* _STORED DATA_:
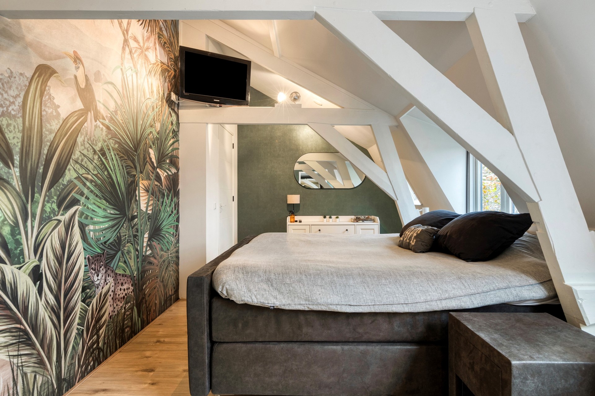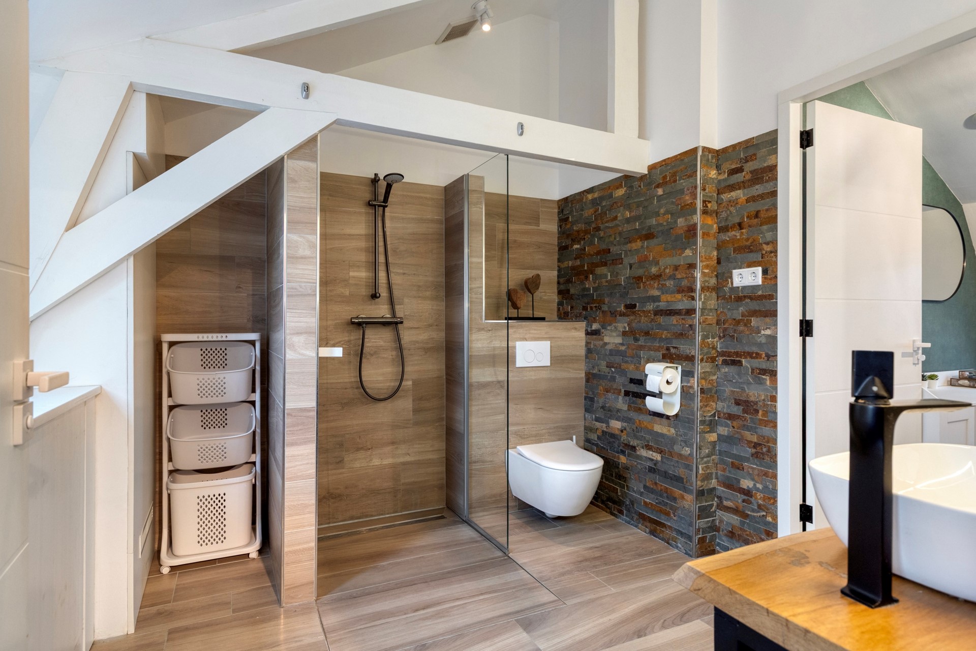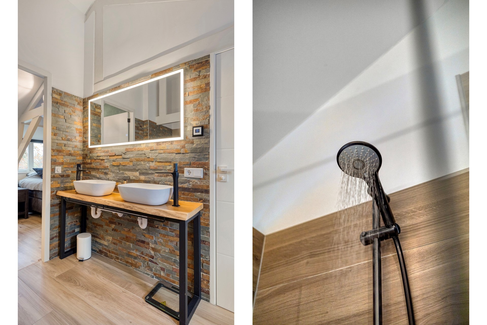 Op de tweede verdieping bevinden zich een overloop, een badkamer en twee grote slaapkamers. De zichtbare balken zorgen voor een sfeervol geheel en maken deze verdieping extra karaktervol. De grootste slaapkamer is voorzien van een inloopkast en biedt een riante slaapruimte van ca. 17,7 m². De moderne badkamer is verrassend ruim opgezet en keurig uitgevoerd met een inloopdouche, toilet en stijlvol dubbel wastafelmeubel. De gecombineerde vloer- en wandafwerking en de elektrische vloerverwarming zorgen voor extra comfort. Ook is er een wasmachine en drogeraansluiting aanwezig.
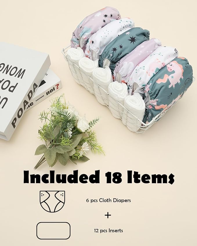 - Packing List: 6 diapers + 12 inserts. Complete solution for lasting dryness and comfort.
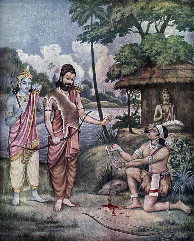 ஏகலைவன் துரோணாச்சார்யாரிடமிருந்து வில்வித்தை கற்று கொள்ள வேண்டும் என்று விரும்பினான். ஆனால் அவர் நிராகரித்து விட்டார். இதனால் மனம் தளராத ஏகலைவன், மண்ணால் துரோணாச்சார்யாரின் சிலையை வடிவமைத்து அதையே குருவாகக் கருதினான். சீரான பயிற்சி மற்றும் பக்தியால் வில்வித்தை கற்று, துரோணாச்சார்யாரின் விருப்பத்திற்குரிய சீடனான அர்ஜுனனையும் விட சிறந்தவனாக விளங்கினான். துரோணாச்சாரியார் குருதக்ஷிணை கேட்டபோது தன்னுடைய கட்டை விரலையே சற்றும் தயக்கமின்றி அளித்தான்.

* _TASK BRIEF_:
In the material above, retype exactly the lines that run from the one containing "- Packing List: 6" through the last line, and keep out the pictures.

* _RESULT_:
 - Packing List: 6 diapers + 12 inserts. Complete solution for lasting dryness and comfort.
 ஏகலைவன் துரோணாச்சார்யாரிடமிருந்து வில்வித்தை கற்று கொள்ள வேண்டும் என்று விரும்பினான். ஆனால் அவர் நிராகரித்து விட்டார். இதனால் மனம் தளராத ஏகலைவன், மண்ணால் துரோணாச்சார்யாரின் சிலையை வடிவமைத்து அதையே குருவாகக் கருதினான். சீரான பயிற்சி மற்றும் பக்தியால் வில்வித்தை கற்று, துரோணாச்சார்யாரின் விருப்பத்திற்குரிய சீடனான அர்ஜுனனையும் விட சிறந்தவனாக விளங்கினான். துரோணாச்சாரியார் குருதக்ஷிணை கேட்டபோது தன்னுடைய கட்டை விரலையே சற்றும் தயக்கமின்றி அளித்தான்.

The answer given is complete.